Computational Biology Laboratory, Centro de Modelamiento Matematico, Facultad de Ciencias Fisicas y Matematicas, Universidad de Chile, Santiago, Chile.
BMC Genomics. 2011 Dec 22;12 Suppl 4(Suppl 4):S8. doi: 10.1186/1471-2164-12-S4-S8.
Aquaporins are a large family of transmembrane channel proteins that are present throughout all domains of life and are implicated in human disorders. These channels, allow the passive but selective movement of water and other small neutral solutes across cell membranes. Aquaporins have been classified into two sub-families: i) strict aquaporins that only allow the passage of water and ii) the less selective aquaglyceroporins that transport water and other neutral solutes, such as glycerol, CO2 or urea. Recently, the identification and characterization of a number of archaeal and bacterial aquaporins suggested the existence of a third sub-family; one that is neither a strict aquaporin nor an aquaglyceroporin.

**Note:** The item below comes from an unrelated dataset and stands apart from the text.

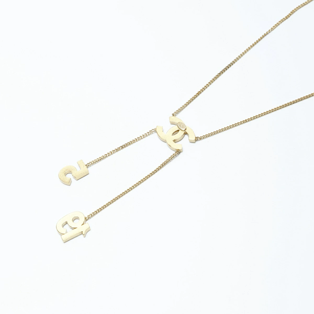 Pre-owned Chanel 01C 2011 Rhinestone Coco Mark Necklace in Gold (WS24316)

The function and phylogeny of this third family is still a matter of debate.
Twenty nanosecond molecular dynamics (MD) simulation of a fully hydrated tetramer of AqpM embedded in a lipid bilayer permitted predictions to be made of key biophysical parameters including: single channel osmotic permeability constant (pf), single channel diffusive permeability constant (pd), channel radius, potential water occupancy of the channel and water orientation inside the pore. These properties were compared with those of well characterized representatives of the two main aquaporin sub-families. Results show that changes in the amino acid composition of the aromatic/arginine region affect the size and polarity of the selectivity filter (SF) and could help explain the difference in water permeability between aquaporins. In addition, MD simulation results suggest that AqpM combines characteristics of strict aquaporins, such as the narrow SF and channel radius, with those of aquaglyceroporins, such as a more hydrophobic and less polar SF.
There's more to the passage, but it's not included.